Engine: CSI snapshots and VolSync¶

Status: Alpha Last Updated: 2026-05-30

For storage-centric work — PV-level snapshots and PV-level replication — the operator integrates with the CSI snapshot controller (snapshots) and VolSync (replication). The two engines share this chapter because they are storage-level primitives: neither captures Kubernetes objects, both rely on the underlying StorageClass and a CSI driver, and the choice between them is primarily a function of the required RPO/RTO targets.
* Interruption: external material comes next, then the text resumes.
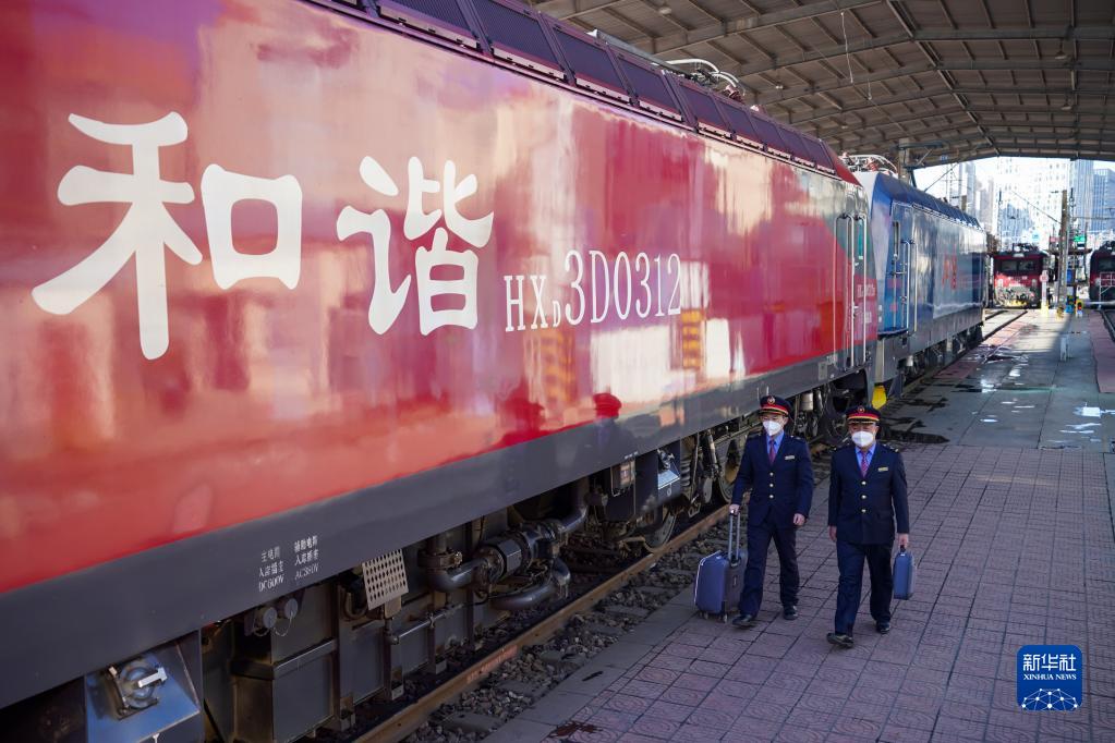 1月15日,丁建華(右)和徒弟姜庭瑞經(jīng)過(guò)即將駕駛的火車(chē)頭。

This document covers when to pick CSI snapshots versus VolSync, how an Operation materializes the relevant CRDs, a worked example for each, status mapping, and the RPO/RTO trade-offs.

When to use each engine¶

Question	CSI snapshot	VolSync
Capture a single PV at a point in time?	Yes (engine: snapshot)	Indirectly (sync at interval)
Replicate a PV continuously to another cluster or storage?	No	Yes (engine: volsync)
Capture Kubernetes objects (Secrets, ConfigMaps, etc.) along with PV?	No (use Velero)	No (use Velero)
Crash-consistent vs application-consistent?	Crash; app-consistent via quiesce hook	Async replication; consistency follows the engine (Restic, Kopia, rsync, rclone)
Achievable RPO	Equals the snapshot cadence	Minutes (Restic), seconds (rclone over fast storage)
Achievable RTO	Reattach time of the cloned PV	Restore time of the replicated snapshot / repo
Storage requirements	CSI driver with snapshot support, `VolumeSnapshotClass` installed	CSI driver with `VolumeSnapshotClass` (most VolSync flows snapshot first), plus a remote backend
Cross-cluster	No (snapshots live where the PV lives)	Yes (the entire point of VolSync)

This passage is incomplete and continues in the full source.